**What you should do:**
The reply is a verbatim copy of the listing below with its images dropped.

**Collected material:**
━━━━━━━━
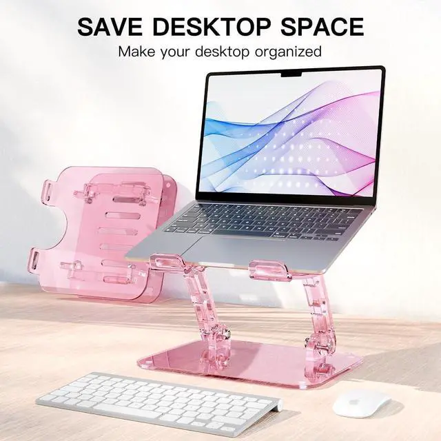 Perfect heat dissipationThe bottom hollow out design can enhance ventilation and airflow effectively cool the laptop prevent overheating and extend the lifespan of the laptop. Folding designThe folded thickness is 1.77 inches (approximately 4.5 cm)The clear laptop riser is lightweight and portable. It can be easily folded and placed in your bag. Carrying it out is very convenient and suitable for offices conference rooms libraries cafes and storing laptops. Widely compatibleOur laptop stand is compatible with 10- 17.3 inch laptops compatible with MacBook Air/Pro Google Pixelbook XPS HP ThinkPad Chromebook Surface and iPad. It is also very easy to assemble making it an excellent gift choice for family and friends.
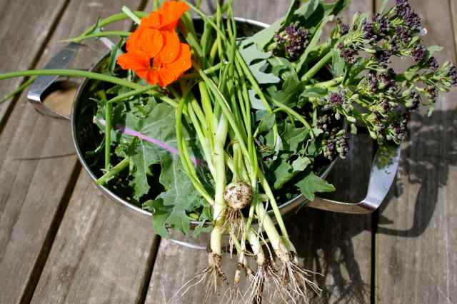 For lunch I went and picked green beans, broccoli, 3 types of kale and spring onions plus nasturtiums.
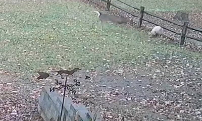 Ce lundi 22 novembre 2021 à Charlotte, en Caroline du Nord, aux États-Unis, un chien aboie sur une biche dans un jardin avant d'être attaqué par un cerf. Heureusement, sa maîtresse est intervenue avec une serviette pour ...
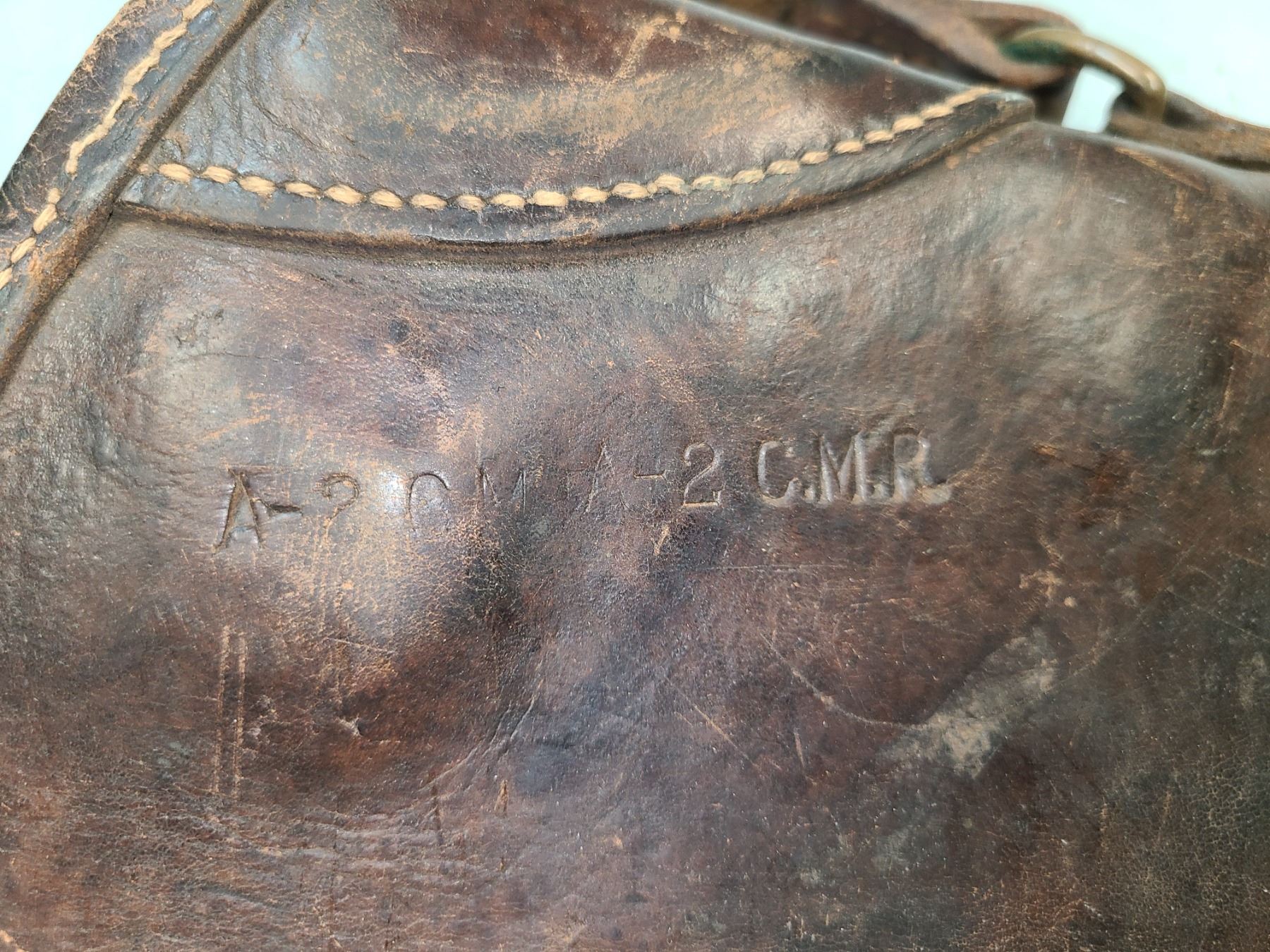 Also has someones name cut into leather .. Missing a couple of straps
━━━━━━━━
**Solution to this problem:**
 Perfect heat dissipationThe bottom hollow out design can enhance ventilation and airflow effectively cool the laptop prevent overheating and extend the lifespan of the laptop. Folding designThe folded thickness is 1.77 inches (approximately 4.5 cm)The clear laptop riser is lightweight and portable. It can be easily folded and placed in your bag. Carrying it out is very convenient and suitable for offices conference rooms libraries cafes and storing laptops. Widely compatibleOur laptop stand is compatible with 10- 17.3 inch laptops compatible with MacBook Air/Pro Google Pixelbook XPS HP ThinkPad Chromebook Surface and iPad. It is also very easy to assemble making it an excellent gift choice for family and friends.
 For lunch I went and picked green beans, broccoli, 3 types of kale and spring onions plus nasturtiums.
 Ce lundi 22 novembre 2021 à Charlotte, en Caroline du Nord, aux États-Unis, un chien aboie sur une biche dans un jardin avant d'être attaqué par un cerf. Heureusement, sa maîtresse est intervenue avec une serviette pour ...
 Also has someones name cut into leather .. Missing a couple of straps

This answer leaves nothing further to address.